Isto afetará o fornecimento para outros países de baixa renda. Haverá um efeito de arrastamento significativo da crise humanitária na Índia que sustenta a pandemia por ainda mais tempo. Isto mostra como a dependência de poucos locais de fabricação para tais produtos vitais é vulnerável a consequências letais.

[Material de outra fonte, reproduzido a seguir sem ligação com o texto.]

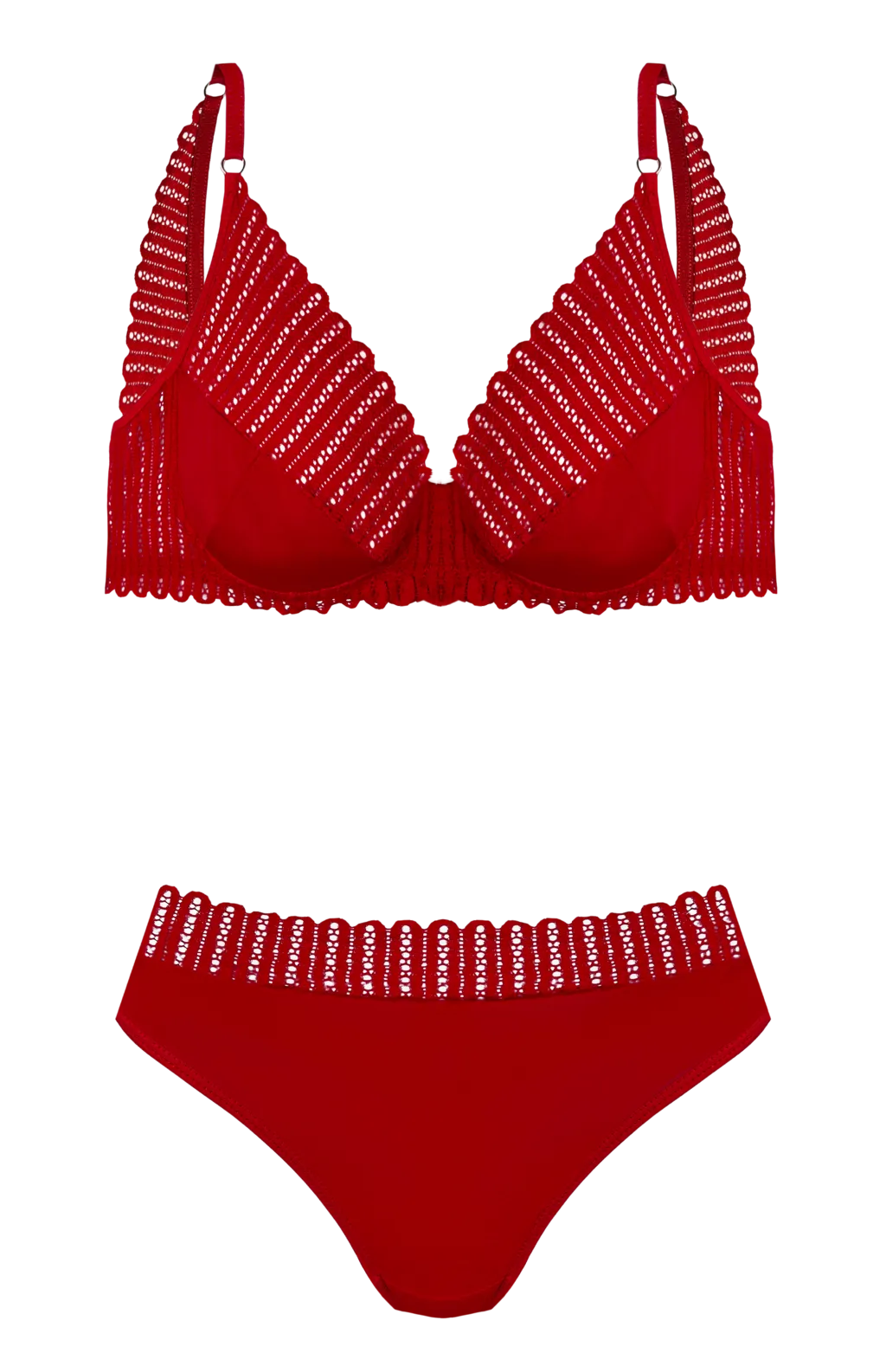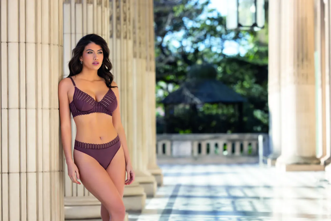 CONJUNTO SIN TAZA CON ARCO DE MICROFIBRA COMBINADA CON PUNTILLA TRAMADO BASTONES Y COLALESS. TALLES: 105 AL 110. COLORES: BLANCO - NEGRO - CHOCOLATE - ROJO

Isto destaca a importância de uma preparação global. Quando o serviço de incêndio é chamado para o prédio em chamas, ele já comprou e instalou a mangueira antes. O combate a incêndios de saúde pública durante a pandemia é quase impossível quando a principal ferramenta para apagar os incêndios (vacinas) não está disponível durante os primeiros 12 meses e nem pouco tempo depois.

O mundo precisa de todas as vacinas que pode obter, portanto fatores como equidade de distribuição e confiança pública devem ser tratados para garantir que a AstraZeneca e outras vacinas estejam disponíveis em todo o mundo e não apenas para países ricos.

Pois enquanto os países ao redor do mundo olham, podemos facilmente ter “a próxima Índia” ao virar da esquina. Quanto excesso de mortes devemos ver antes que as cooperações globais superem as abordagens do “eu primeiro” dos países mais ricos?

Artigo originalmente publicado em Europe Solidaire. Reprodução da tradução realizada pela Fundação Lauro Campos.